As everyone knows who rides the transit system here, MUNI has a serious problem with fare evaders. It costs the system gobs of money every year, and, by all accounts, appears to be getting worse every day.
Occasionally, MUNI and the Police Department do the absolutely unthinkable and try to actually enforce the law. Yeah... stupid, I know. But it even works for a while, until the populace's collective liberal panties get in a twist and then it's back to the same old shit.
Here's the latest from SFGate...
Does this ever happen to you? I'd been producing a radio piece about fare enforcement over the course of a few weeks. Then the day it aired I learned that the mass enforcement had been suspended. We added a quick explanation to the story and aired it as planned, but I wish we'd had more time: In the days since, as I've done more reporting, it's become clear that the craziness my recorder captured was indicative of the larger problem that got the program suspended.

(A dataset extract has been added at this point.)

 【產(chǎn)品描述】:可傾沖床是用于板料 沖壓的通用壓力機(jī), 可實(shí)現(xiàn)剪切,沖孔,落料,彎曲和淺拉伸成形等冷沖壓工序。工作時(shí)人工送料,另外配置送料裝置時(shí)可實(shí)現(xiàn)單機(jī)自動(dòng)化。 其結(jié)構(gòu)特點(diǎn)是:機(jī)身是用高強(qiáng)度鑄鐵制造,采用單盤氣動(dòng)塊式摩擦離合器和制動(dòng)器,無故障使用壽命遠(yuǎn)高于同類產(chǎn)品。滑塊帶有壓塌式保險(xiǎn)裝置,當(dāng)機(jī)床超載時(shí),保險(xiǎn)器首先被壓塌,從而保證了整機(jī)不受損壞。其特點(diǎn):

Here's what happened: Last year Muni started a new effort to get people to actually pay to ride its buses and trains. The most effective way it found to do this was "saturation enforcement." That meant putting about 15 uniformed officers in one spot at a time to bust fare evaders. (When there are fewer ticket-writing inspectors, they are simply outnumbered by scofflaws, who simply walk away scot-free.) Even though the policy was effective - fare evasion has gone down significantly since they started - Muni said it would abandon the saturations and go back to putting a couple inspectors at a time in each spot. Why? ...
... Because of complaints to San Francisco's Immigrant Rights Commission.

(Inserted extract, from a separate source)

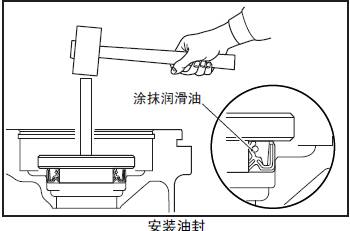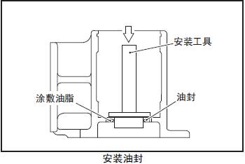 (2) 在三菱柴油機(jī)油封的中空部和唇口涂抹油脂。

People were worried that inspectors were demanding proof of payment from riders who didn't speak English, evoking the image of officers badgering the old Chinese man who simply can't understand what he is supposed to do. But ironically, the saturations actually decrease the possibility of this kind of cultural misunderstanding. With that many officers in one spot there will always be one who can speak your language. When I was on the Muni platform, I heard several inspectors speaking fluently in Spanish and Cantonese.
It wasn't just immigrants that felt picked on: mild-mannered, middle-class, fare-paying riders were driven into an irrational spittle-flecked rage by the sight of the inspectors. There's something about this show of force that rubs people the wrong way. This is all totally irrational, but it's also real, so Muni has to take it seriously. Whether or not public policy is right, it also has to make people happy. Call it the Feeling/Thinking problem. After all, the ultimate purpose of any government agency is to make the lives of the people better and happier. If any program, even if it works, perpetually causes strife and outrage, then it has failed the Thinking/Feeling test. So should Muni stop? No, it just needs to figure out how to do enforcement that makes people feel more secure - rather than less.

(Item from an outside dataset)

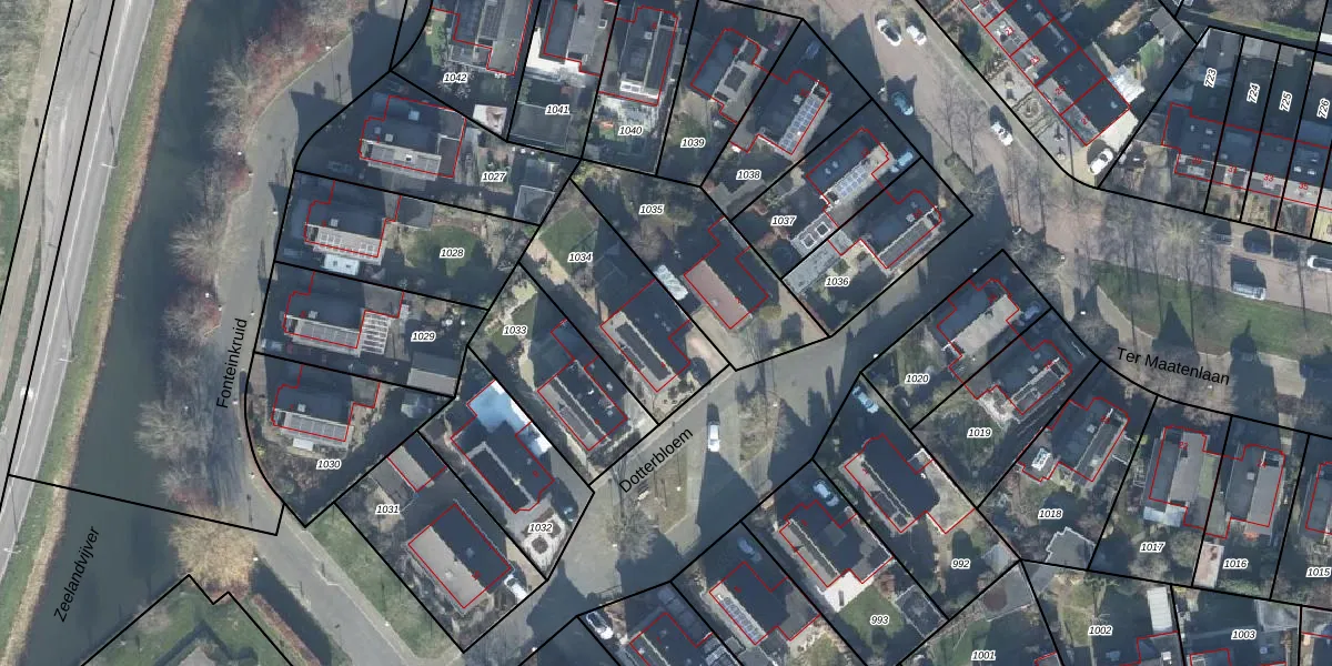 Gebruik de zoekbalk of klik op een perceel voor informatie over de adressen binnen dit perceel.

Lorena Melgarejo, vice chair of the Immigrant Rights Commission, says that the people she represents need fare enforcement; they are the ones who depend most on a functioning bus system: "This is our Muni," she says. "We don't want to lose $19 million a year and have Muni cutting those lines that we need because people aren't paying." But, she says, the fare enforcement should work, "the same way the census this year has worked." That is, a careful campaign to convince people that the effort is not against them, but for their benefit. Little changes could help, she adds, like if the inspectors wore white shirts, rather than dressing like cops (or immigration officers).
Really both sides in this fight want the same thing. It's gotta be tough for the Muni inspectors to bend to accommodate irrational behavior. But if they can figure out a way to both be right, and make people feel good - if they can solve the Thinking/Feeling test - it will make their jobs a heck of a lot easier.
Same old bullshit.
Now, out of the many classes and genres who evade fare paying, the biggest problems are usually with the insane, the homeless dirtbags, and black ghetto youth, but in terms of sheer numbers, nobody beats Mission Street (that's the Hispanic section for those of you who don't know S.F.) and the huge numbers of people who jump on the back of buses for free. Now who knows if they're "illegal" or not... my guess is that it's just another "entitlement" that "immigrants" (translation: non-whites) have grown very accustomed to.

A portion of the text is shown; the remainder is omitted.